The President cancelled the conditional pardon.
Defense: He claims that he did not violate his conditional pardon since he has not been convicted
by final judgment of the twenty (20) counts of estafa and contends that he was not given an
opportunity to be heard before he was arrested and recommitted to prison.

ISSUE: W/N conviction of a crime by final judgment of a court is necessary before the petitioner can be
validly rearrested and recommitted for violation of the terms of his conditional pardon and accordingly to
serve the balance of his original sentence? NO!

Due process is not necessarily judicial. The appellee had had his day in court and been afforded
the opportunity to defend himself during his trial for the crime. When he was conditionally
pardoned it was a generous exercise by the Chief Executive of his constitutional prerogative.
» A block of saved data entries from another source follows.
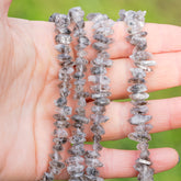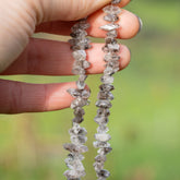 1/2 rang de env 20 cm de perles de cristal brut de Herkimer de environ 7/12 mm de long et de env 3 à 5 mm d'épaisseur, percées au centre, trou de env 0,7 mm.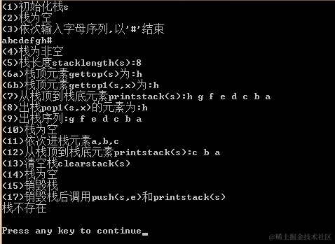 47 cout<<"(15)销毁栈"<<endl;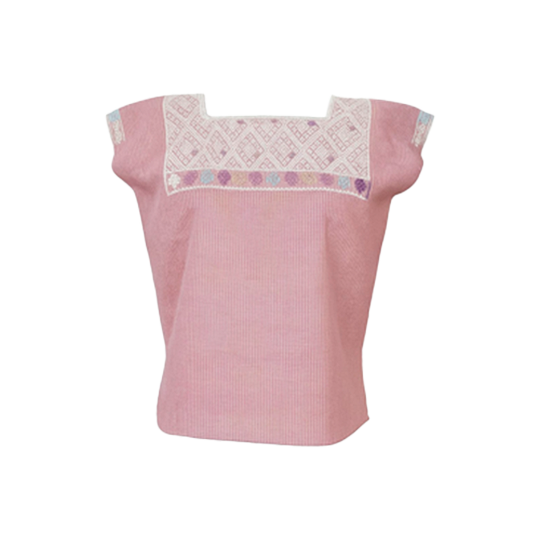 Este huipil tradicional de Aldama tejido en hilos de algodón, presenta una base en tonalidad rosa suave, símbolo de armonía y equilibrio, que aporta una estética sobria y contemporánea sin perder su raíz cultural.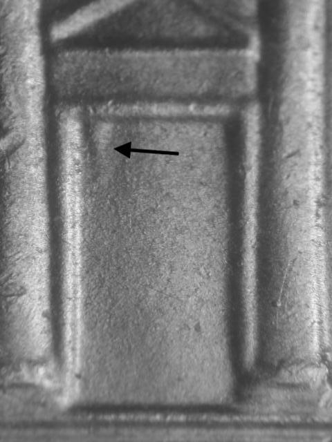 • Rev:  Die gouge above NT of CENTS; die dot above left arch near roof line; small die dot to upper left of center dome arch.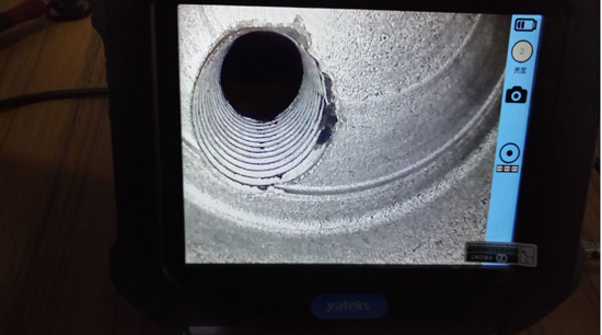 上图中为亚泰光电SIE超清系列视频内窥镜在金丰汽配厂检查排气管的实拍图,很明显的可以看出该排气管壁存在微小的焊接漏洞.

The
acceptance thereof by the convict or prisoner carrie[d] with it the authority or power of the
Executive to determine whether a condition or conditions of the pardon has or have been violated.
To no other department of the Government [has] such power been intrusted.
The grant of pardon and the determination of the terms and conditions of a conditional
pardon are purely executive acts which are not subject to judicial scrutiny.
The determination of the occurrence of a breach of a condition of a pardon, and the proper
consequences of such breach, may be either a purely executive act, not subject to judicial scrutiny
under Section 64 (i) of the Revised Administrative Code; or it may be a judicial act consisting of
trial for and conviction of violation of a conditional pardon under Article 159 of the Revised Penal
It may be emphasized that what is involved in the instant case is not the prosecution of the
parolee for a subsequent offense in the regular course of administration of the criminal law. What
is involved is rather the ascertainment of whether the convict has breached his undertaking

DISPOSITION: WHEREFORE, this Petition is hereby DISMISSED. No pronouncement as to costs.
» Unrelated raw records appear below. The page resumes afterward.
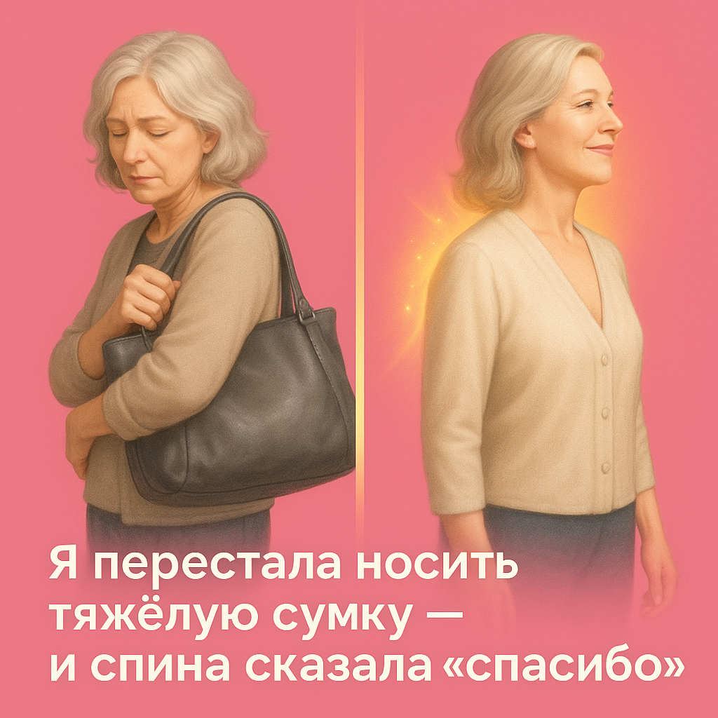Ещё пару лет назад я просыпалась с чувством, будто кто-то ночью положил на меня мешок цемента. Спина ныла, плечи будто каменные, голова тяжёлая. Я грешила на возраст, сидячую работу, недосып. Но однажды поняла: всё началось не из-за дивана или компьютера, а… из-за моей сумки. У меня всегда была “та самая” сумка. Большая, кожаная, с десятком отделений. Там лежало всё: кошелёк, ключи, зонт, косметичка, бутылка воды, зарядка, документы, даже аптечка. Иногда сумка весила 5 килограммов — как рюкзак школьника! Я таскала её на одном и том же плече, годами. Иногда оно немело, иногда болело, но я не придавала значения. «Ну что, женщина должна быть готова ко всему!» — смеялась я. А тело, оказывается, терпело молча — до поры. Однажды утром я не смогла нагнуться, чтобы надеть сапоги. Боль прострелила от лопатки до поясницы. Я замерла и подумала: “Вот оно — старость.” Пошла к врачу. Он внимательно выслушал и спросил: — На каком плече вы носите сумку?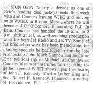 1965: JC begins his civilian broadcasting career, joining WJET in Erie, Pennsylvania.
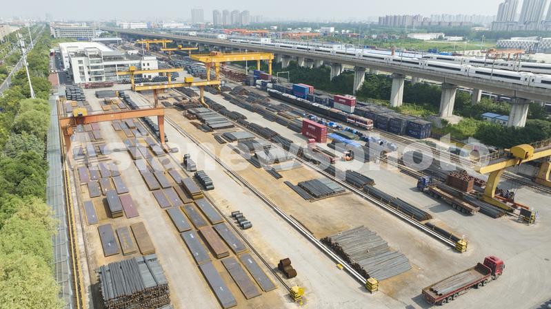 图片说明:2023年8月25日,在安徽省合肥庐阳经济开发区辖区中铁四局物资公司合肥分公司的钢材物料现场,技术人员正在通过数据平台远程对钢材进行进出货调配。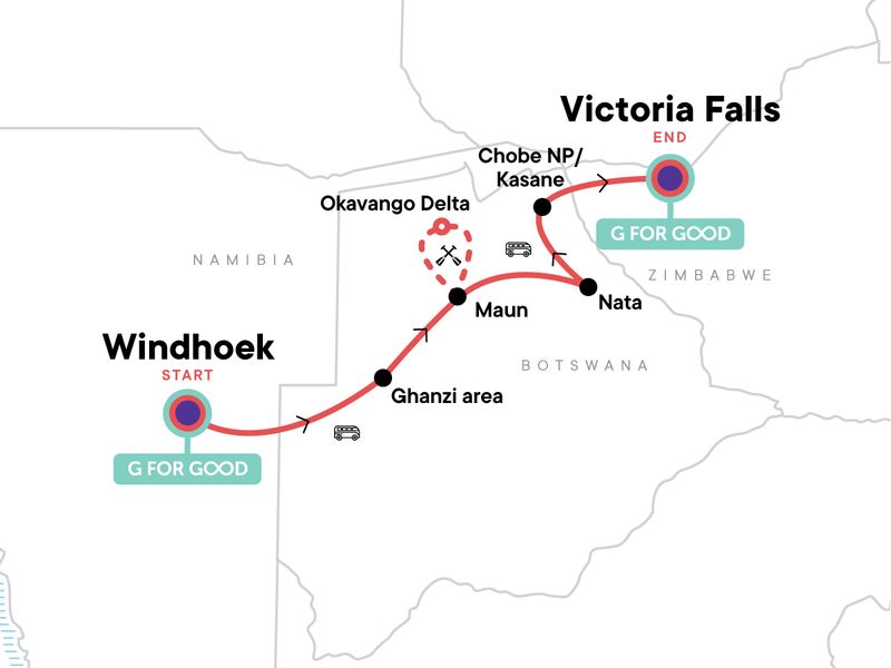 Get ready to check another country off your list as the group crosses the border from Namibia into Botswana. Travel east into the heart of the Kalahari to Ghanzi. Catch a glimpse of how the Indigenous San Bushmen adapted to this difficult landscape on a San bushman walk. Then while the day comes to an end, enjoy the warm hospitality of the San Bushmen as the group will be staying at the G Adventures-supported Dqae Qare San Lodge & Camp. The best part? You are making a difference in the lives of this community just by enjoying your time at camp. So sit back, allow yourself to become immersed in their history and culture, sit around the fire, and simply enjoy the moment. Continue through the eastern part of Namibia and cross into Botswana before travelling into the heart of the Kalahari. Arrive in the late afternoon and camp in the Ghanzi area.

Sec 64(i) of RAC 1917: To grant to convicted persons reprieves or pardons, either plenary or partial,
conditional, or unconditional; to suspend sentences without pardon, remit fines, and order the discharge of any
convicted person upon parole, subject to such conditions as he may impose; and to authorize the arrest and
re-incarceration of any such person who, in his judgment, shall fail to comply with the condition, or conditions,
of his pardon, parole, or suspension of sentence.